Both methods reduce your allergy symptoms by altering your immune system’s reaction to naturally occurring allergens. Over time, with continued use, you can live comfortably with animals or pollens that now cause you allergic eye, nose or lung symptoms. Fewer symptoms mean fewer medicines and a much better quality of life! Medications used in allergy therapy (antihistamines, nasal steroids, eye drops, etc.) are like a Band-aid on a toddler’s cut finger; when the Band-aid hides the cut from the child’s eyes, he feels better. If the Band-aid falls off later that day, the cut becomes visible again and the child panics. Another Band-aid keeps things calm until the cut eventually heals. Allergy medications do not “cure” allergies; they simply reduce the symptom severity. Allergy immunotherapy, whether SCIT or SLIT, can actually “heal the cut” reducing medication needs in the future, sometimes to zero!

How are these Therapies Administered to you?

Both methods rely upon frequent exposure to your allergens although the frequency and starting doses vary between the two methods. Both methods carry a slight risk of allergic reaction. The risk with SCIT is higher than with SLIT and requires in-clinic delivery with a 20 to 30-minute wait with each injection. We start SLIT in our clinic but quickly move to at-home use because of the reduced severe allergic reaction risk. The two methods are compared side-by-side on the reverse side of this paper.
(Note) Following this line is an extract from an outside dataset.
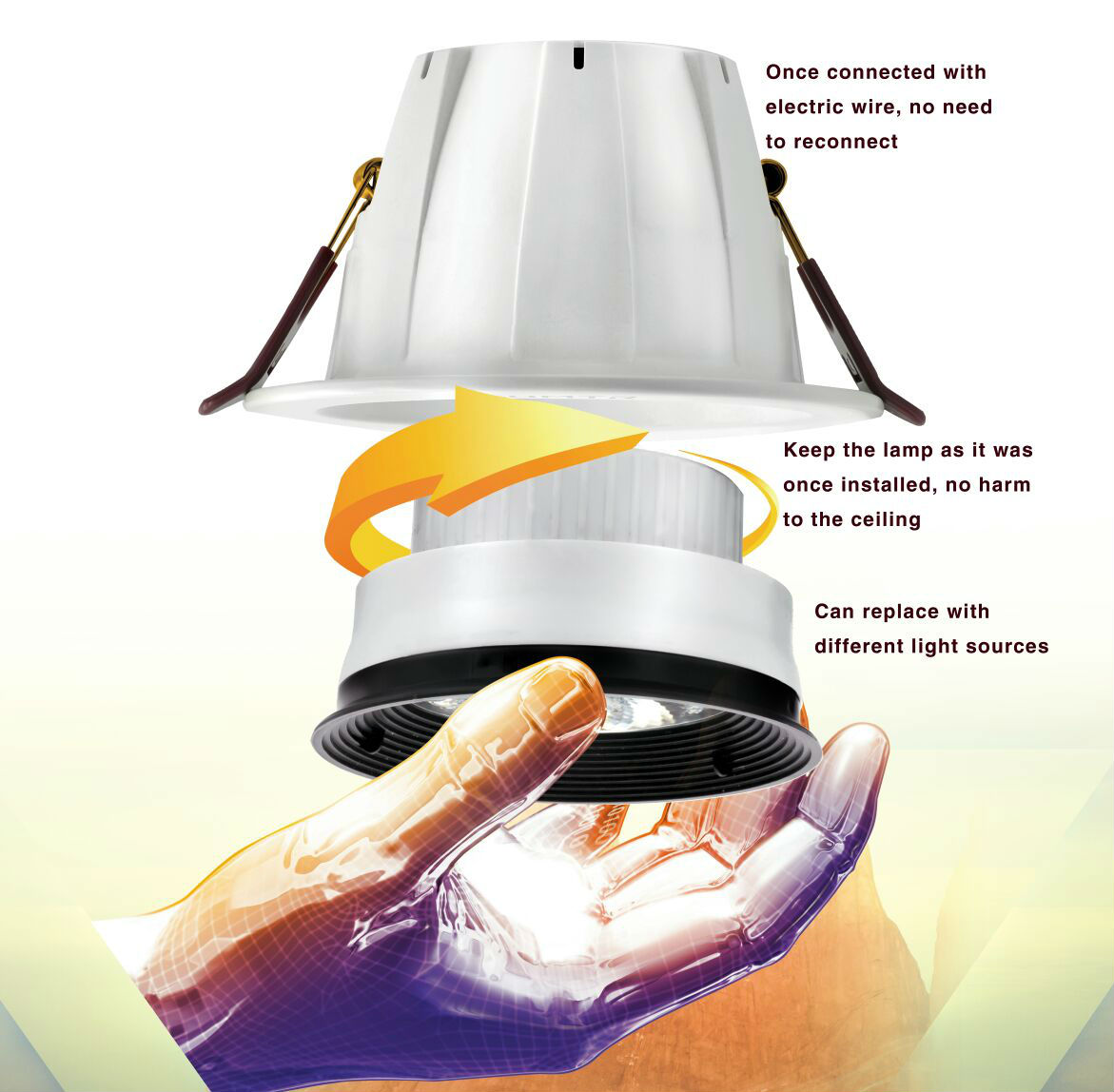 • New replaceable downlight

Starting Dose Usually 1/10,000th the “maintenance” dose 1/10th the “maintenance” dose
Dose frequency 1-2 times a week for first 3-6 months, once a week for next 6 months and ultimately once every 2-4 weeks (Average patient) Accelerated build-up schedules are available. Once daily, always!
Treatment Location Clinic Home after first 3 doses in clinic
Duration of Treatment 3-5 years recommended Same as SCIT
Symptom Reduction Possible Up to 100% relief (without medicines!) 40-60% relief (Higher in some cases)
Time to Initial Symptom Improvement 4-9 months (average) 2-6 months (average)
Number of Treated Allergens Possible Up to 30+ (pollens, molds, mites, animals, venoms) 1-3 (cat, dog, mold, select pollens)
Adverse Reactions: Most common to least common Injection site swelling and itch. Hives, eye/nose allergy symptoms, breathing difficulty, full anaphylaxis are rare but possible. Oral itch and slight oral swelling. Nausea, vomiting, hives and breathing difficulty are very rare.
Insurance Coverage Yes, plan-dependent Not yet
Eligible Patient Age Range 4-5 years and up 2-3 years and up

Which Method is Best For You?

Subcutaneous therapy offers the greatest benefit potential to the largest percentage of our allergy patients. Use this if you have multiple pollen, mold and/or animal allergies or if you are insect venom allergic. At the moment, SCIT is the only option for venom-allergic patients. Use this method also if you are looking for “maximum” benefit.
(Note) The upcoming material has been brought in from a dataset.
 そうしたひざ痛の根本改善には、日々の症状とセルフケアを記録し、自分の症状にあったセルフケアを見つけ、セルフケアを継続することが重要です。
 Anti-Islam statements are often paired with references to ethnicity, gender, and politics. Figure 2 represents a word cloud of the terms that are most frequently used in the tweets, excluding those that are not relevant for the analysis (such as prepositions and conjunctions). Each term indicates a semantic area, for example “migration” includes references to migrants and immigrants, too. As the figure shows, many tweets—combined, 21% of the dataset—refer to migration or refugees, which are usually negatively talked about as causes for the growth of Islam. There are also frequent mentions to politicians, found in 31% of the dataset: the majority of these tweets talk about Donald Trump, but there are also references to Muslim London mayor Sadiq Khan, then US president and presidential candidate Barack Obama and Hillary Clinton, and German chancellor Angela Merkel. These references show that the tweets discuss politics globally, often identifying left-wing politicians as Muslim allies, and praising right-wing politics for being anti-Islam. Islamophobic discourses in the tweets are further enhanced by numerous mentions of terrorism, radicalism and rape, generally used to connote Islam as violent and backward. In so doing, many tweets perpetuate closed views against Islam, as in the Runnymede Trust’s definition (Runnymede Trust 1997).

If you are very afraid of needles, have only a few major allergens (dog, cat, grass or sagebrush pollens) or have a personal life schedule that prevents in-clinic treatment, SLIT may be the best choice for you! Children allergic to the family cat or dog can reverse their allergy symptoms using SLIT and avoid a “shot”! A hunter allergic to sagebrush pollen can finally find relief in the Fall hunting season with the convenience of in-home therapy!

Please talk about this choice with your allergist.